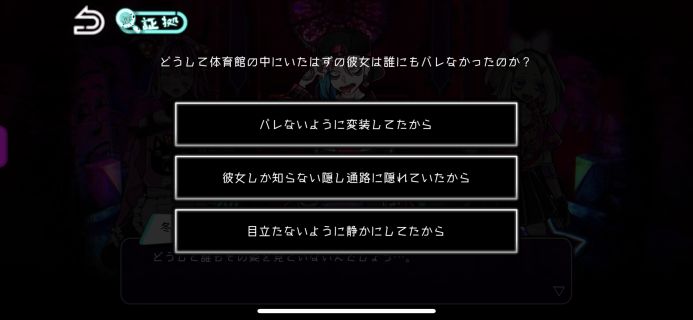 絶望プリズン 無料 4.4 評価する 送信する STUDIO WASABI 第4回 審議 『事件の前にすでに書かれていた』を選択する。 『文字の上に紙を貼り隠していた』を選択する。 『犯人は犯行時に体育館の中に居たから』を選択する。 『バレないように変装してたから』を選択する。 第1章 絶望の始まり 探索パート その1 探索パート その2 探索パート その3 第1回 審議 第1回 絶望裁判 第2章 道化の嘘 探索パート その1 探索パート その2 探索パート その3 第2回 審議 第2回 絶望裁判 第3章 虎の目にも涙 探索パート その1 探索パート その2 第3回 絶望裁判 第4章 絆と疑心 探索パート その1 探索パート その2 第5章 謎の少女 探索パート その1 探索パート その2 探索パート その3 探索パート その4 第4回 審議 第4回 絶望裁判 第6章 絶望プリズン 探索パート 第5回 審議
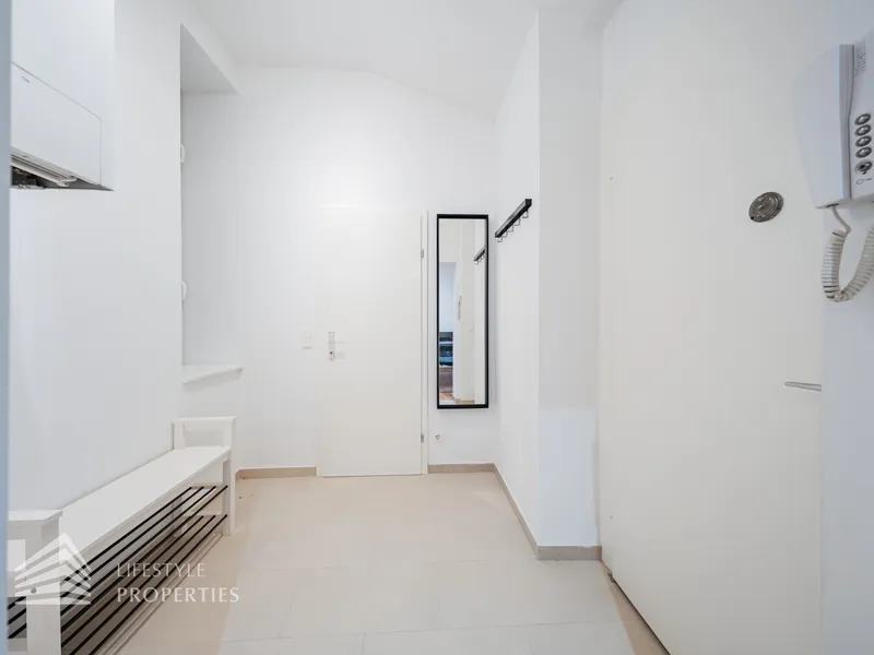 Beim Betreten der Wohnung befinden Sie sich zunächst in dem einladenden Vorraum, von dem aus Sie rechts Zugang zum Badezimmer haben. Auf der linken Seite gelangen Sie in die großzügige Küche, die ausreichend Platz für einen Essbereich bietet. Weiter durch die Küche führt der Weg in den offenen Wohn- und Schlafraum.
...
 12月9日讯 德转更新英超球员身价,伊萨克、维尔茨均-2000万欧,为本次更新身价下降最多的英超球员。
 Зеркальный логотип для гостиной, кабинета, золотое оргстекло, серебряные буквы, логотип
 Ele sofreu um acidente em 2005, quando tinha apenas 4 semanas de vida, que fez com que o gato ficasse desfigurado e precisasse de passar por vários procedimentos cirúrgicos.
...
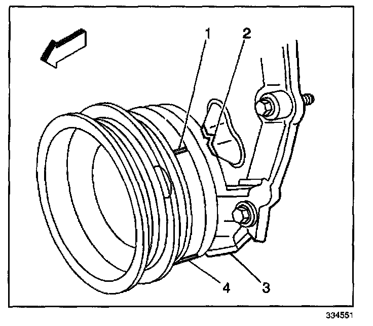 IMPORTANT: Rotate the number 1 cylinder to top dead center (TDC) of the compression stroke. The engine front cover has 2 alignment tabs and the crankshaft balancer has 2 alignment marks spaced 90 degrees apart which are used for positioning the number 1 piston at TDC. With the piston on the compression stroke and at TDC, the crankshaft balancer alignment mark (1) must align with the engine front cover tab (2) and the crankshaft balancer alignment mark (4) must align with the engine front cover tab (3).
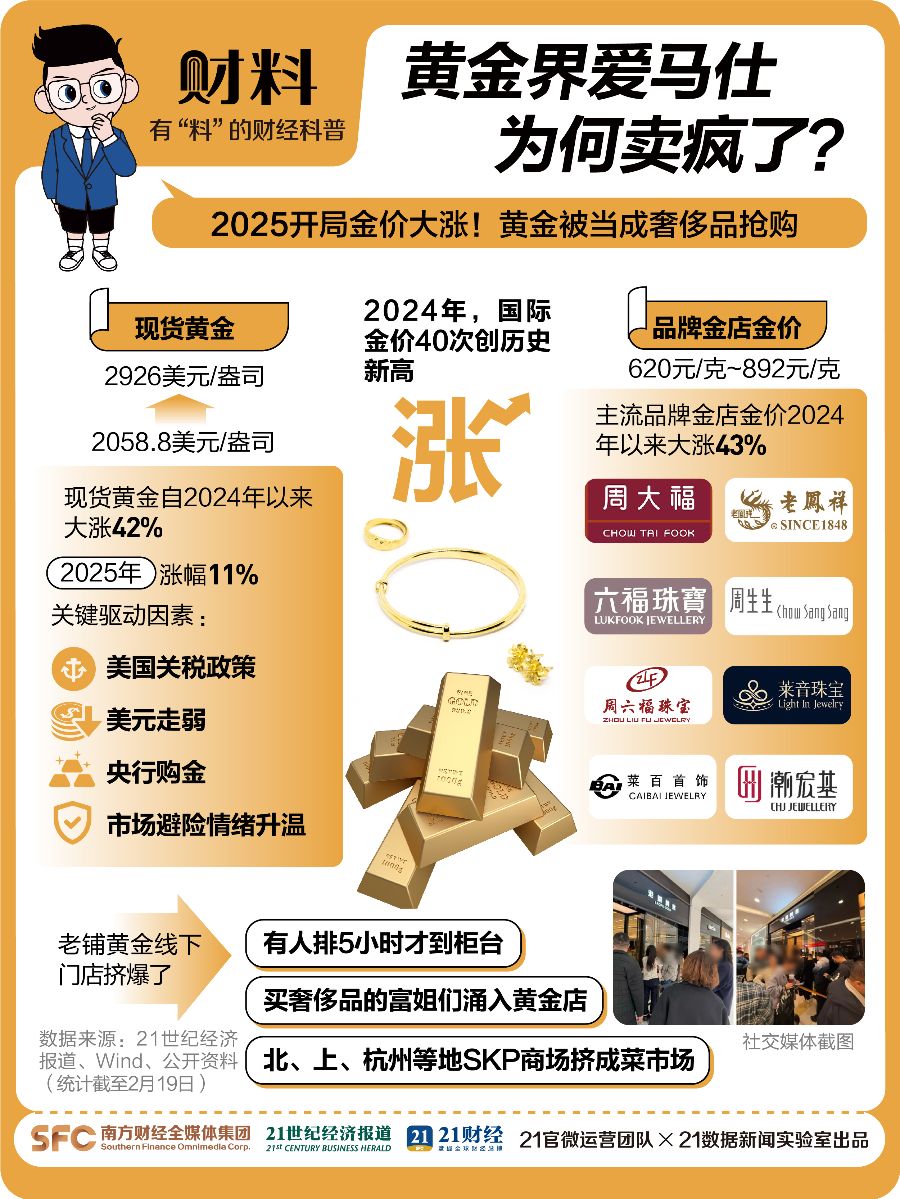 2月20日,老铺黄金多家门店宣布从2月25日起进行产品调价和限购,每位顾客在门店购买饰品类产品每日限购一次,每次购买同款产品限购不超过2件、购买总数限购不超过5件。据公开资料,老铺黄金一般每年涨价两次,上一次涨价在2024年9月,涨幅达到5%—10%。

What you should do: All that is needed is the exact run of lines above from the line containing "Зеркальный логотип для" through the line containing "Ele sofreu um", both of them included.

Written response:
 Зеркальный логотип для гостиной, кабинета, золотое оргстекло, серебряные буквы, логотип
 Ele sofreu um acidente em 2005, quando tinha apenas 4 semanas de vida, que fez com que o gato ficasse desfigurado e precisasse de passar por vários procedimentos cirúrgicos.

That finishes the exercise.